In the material below, print every line exactly and omit the pictures.

Recorded information:
--------------------------------------------------
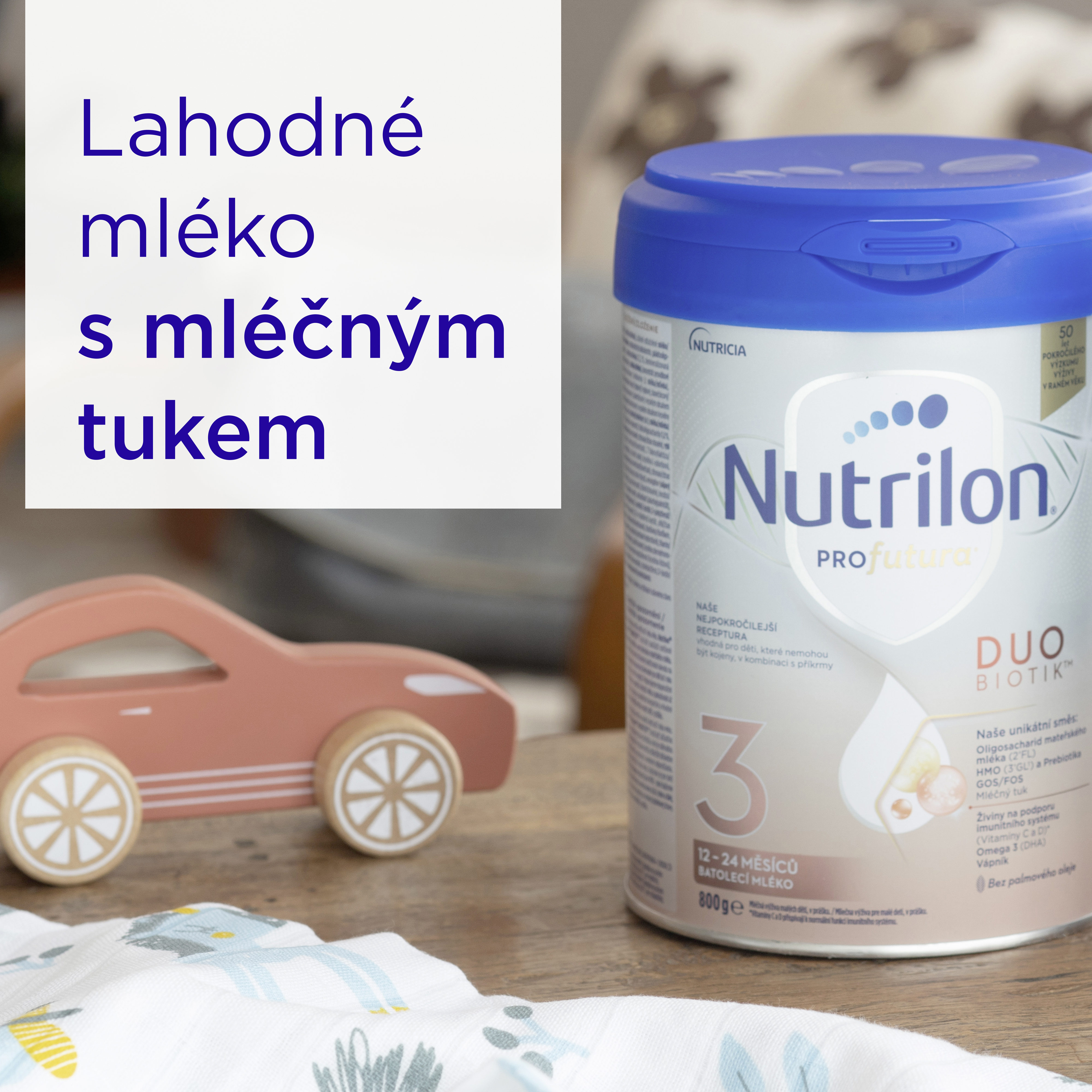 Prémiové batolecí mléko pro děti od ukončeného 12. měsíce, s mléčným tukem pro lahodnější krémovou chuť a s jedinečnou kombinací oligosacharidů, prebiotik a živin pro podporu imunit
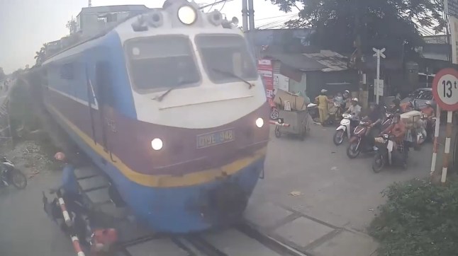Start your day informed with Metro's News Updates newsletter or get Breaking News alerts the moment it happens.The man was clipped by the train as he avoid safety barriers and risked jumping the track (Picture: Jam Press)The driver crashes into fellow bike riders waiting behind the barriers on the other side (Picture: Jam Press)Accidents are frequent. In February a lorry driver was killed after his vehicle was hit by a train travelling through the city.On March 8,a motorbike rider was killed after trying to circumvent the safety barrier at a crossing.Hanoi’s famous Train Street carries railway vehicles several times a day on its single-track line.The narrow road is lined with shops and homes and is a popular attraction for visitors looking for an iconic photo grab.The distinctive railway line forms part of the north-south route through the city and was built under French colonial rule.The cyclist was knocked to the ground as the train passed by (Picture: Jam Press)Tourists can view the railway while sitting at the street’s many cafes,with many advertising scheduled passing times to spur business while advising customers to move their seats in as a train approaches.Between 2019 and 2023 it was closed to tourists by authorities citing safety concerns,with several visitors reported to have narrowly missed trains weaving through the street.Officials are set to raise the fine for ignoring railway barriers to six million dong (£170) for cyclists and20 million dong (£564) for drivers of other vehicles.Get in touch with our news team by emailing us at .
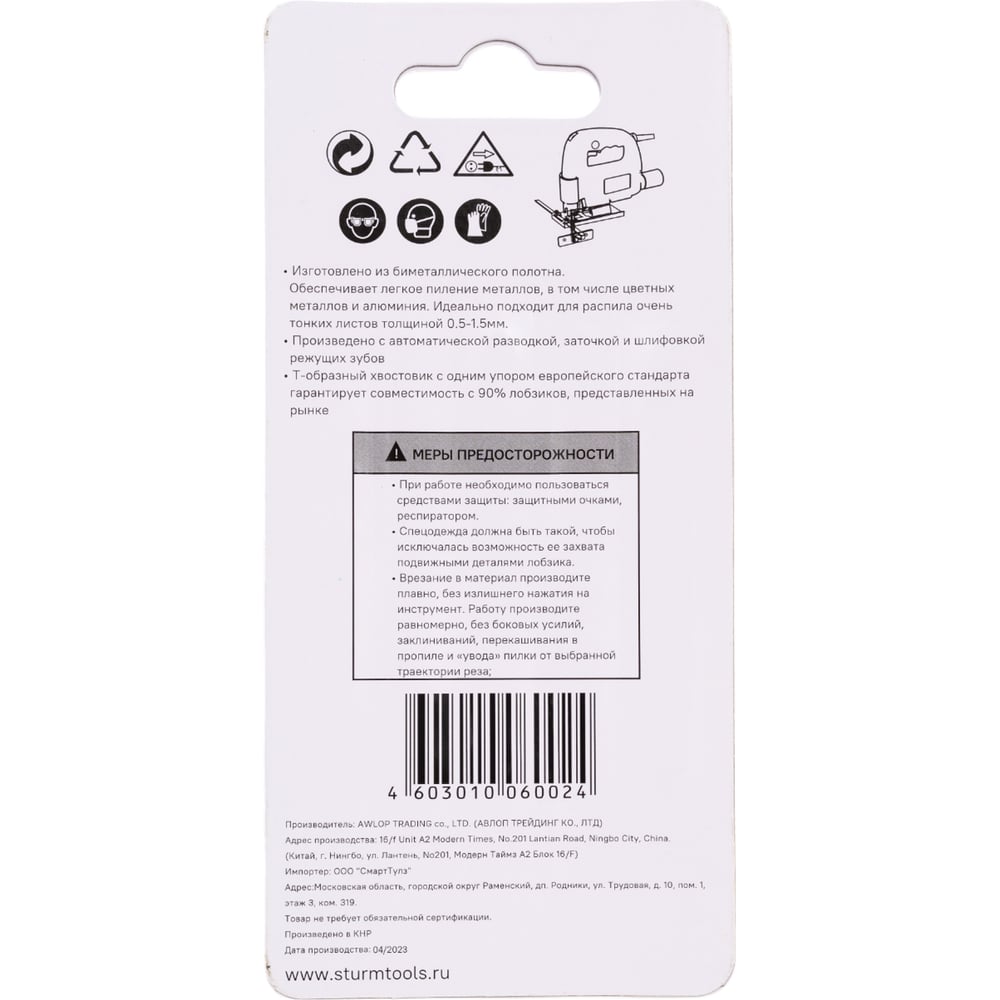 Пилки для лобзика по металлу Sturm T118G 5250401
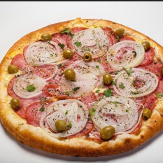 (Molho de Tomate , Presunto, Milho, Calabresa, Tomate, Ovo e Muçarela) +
--------------------------------------------------
Response area:
 Prémiové batolecí mléko pro děti od ukončeného 12. měsíce, s mléčným tukem pro lahodnější krémovou chuť a s jedinečnou kombinací oligosacharidů, prebiotik a živin pro podporu imunit
Start your day informed with Metro's News Updates newsletter or get Breaking News alerts the moment it happens.The man was clipped by the train as he avoid safety barriers and risked jumping the track (Picture: Jam Press)The driver crashes into fellow bike riders waiting behind the barriers on the other side (Picture: Jam Press)Accidents are frequent. In February a lorry driver was killed after his vehicle was hit by a train travelling through the city.On March 8,a motorbike rider was killed after trying to circumvent the safety barrier at a crossing.Hanoi’s famous Train Street carries railway vehicles several times a day on its single-track line.The narrow road is lined with shops and homes and is a popular attraction for visitors looking for an iconic photo grab.The distinctive railway line forms part of the north-south route through the city and was built under French colonial rule.The cyclist was knocked to the ground as the train passed by (Picture: Jam Press)Tourists can view the railway while sitting at the street’s many cafes,with many advertising scheduled passing times to spur business while advising customers to move their seats in as a train approaches.Between 2019 and 2023 it was closed to tourists by authorities citing safety concerns,with several visitors reported to have narrowly missed trains weaving through the street.Officials are set to raise the fine for ignoring railway barriers to six million dong (£170) for cyclists and20 million dong (£564) for drivers of other vehicles.Get in touch with our news team by emailing us at .
 Пилки для лобзика по металлу Sturm T118G 5250401
 (Molho de Tomate , Presunto, Milho, Calabresa, Tomate, Ovo e Muçarela) +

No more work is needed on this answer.